After enduring tough times as a result of the US-China trade war, semiconductor company AMD has found itself facing headwinds from the coronavirus situation. S&P 500 rating agency recently upgraded the stock to BB status. The company paid off a sizeable chunk of its debts in 2019 and recently pulled back from its all-time highs. AMD has good trading potential. AMD was projected to have double-digit growth in 2020 after staving off the difficulties of 2019. This is now in doubt and AMD may witness significant volatility for those who wish to trade its stocks.
Electric vehicle maker Tesla has been one of February 2020’s best performers, with a share price that is surging towards $1,000. It is one company which has retained resilience despite the coronavirus outbreak. It may continue to attract more attention in the months to come.

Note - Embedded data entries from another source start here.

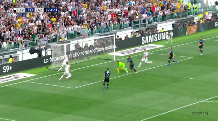 I due tappetini bianchi della Juventus inquadrati durante il gol di Mario Mandzukic alla Lazio (ESPN)
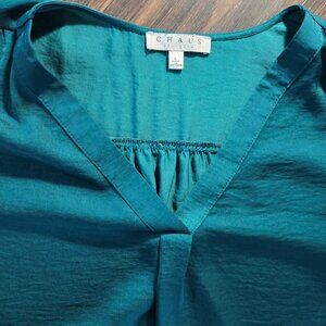 Absolutely beautiful tunic blouse from CHAUS, New York. 100% polyester satin. V neckline. Cap sleeves. Tunic style. Gently loved, laundered and in excellent quality and condition. Super for all seasons...wear alone in warmer months and/or pair with jacket/blazer/suit/cardigan in cooler months. Pleated back yoke. Gorgeous shade of jade green. SIZE L/MEASUREMENTS: pit - pit = 22" x 27" long.
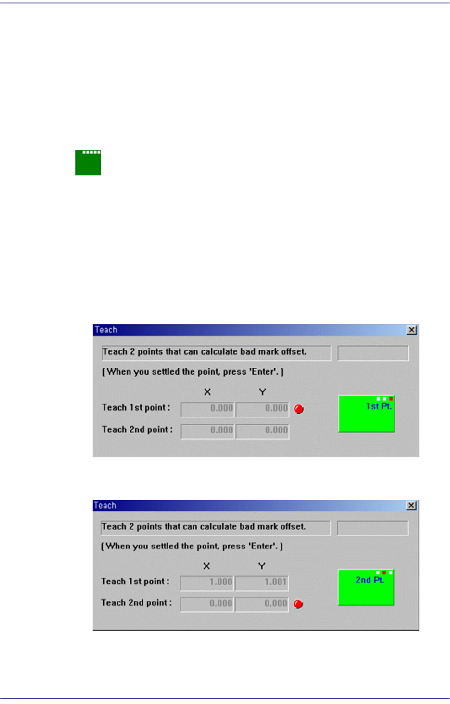 Teach the offset value of bad mark. When this Button is clicked on, the following

Factors to watch in the future
A stock market analysis for 2020 shows that going forward, investors will not only focus on the immediate impact of the coronavirus outbreak, but also the long term impact. Countries and companies that have been affected by this outbreak will see a negative impact on their earnings as a result of lost production and lost revenue. Countries will be forced to release stimulus packages to revamp their economies. Some central banks may have to cut interest rates to spur economic activity. Some governments may have to organize large scale bailouts to save entire sectors from collapse.
Bloomberg has already scaled down its GDP forecast for China from 6 per cent to 4.5 per cent. More than 300 companies in China have applied for bailouts from the government, as many have lost employees and lost revenue from enforced shutdowns and quarantines. Some of the affected companies supply crucial spare parts to automakers, aircraft makers, smartphone makers, etc. Apple issued a warning that it would have to revise its earnings guidance for the second quarter of 2020 lower, and the announcement sent immediate shockwaves to Asian and US markets. This is the kind of market impact that we will see from some of the most traded stocks of February 2020.
However, the coronavirus is not all that the markets have to worry about. The Brexit trade negotiations will kick off in March, and are expected to be completed by the December 31, 2020, deadline set by the UK government to complete the transition. Therefore, we expect several stocks listed on the FTSE 100 as well as the US and Asian markets to show great volatility as the year rolls on. The outcome of the trade negotiations will determine the business status of many European companies operating in the UK, even as the free movement and work status in the EU comes to an end.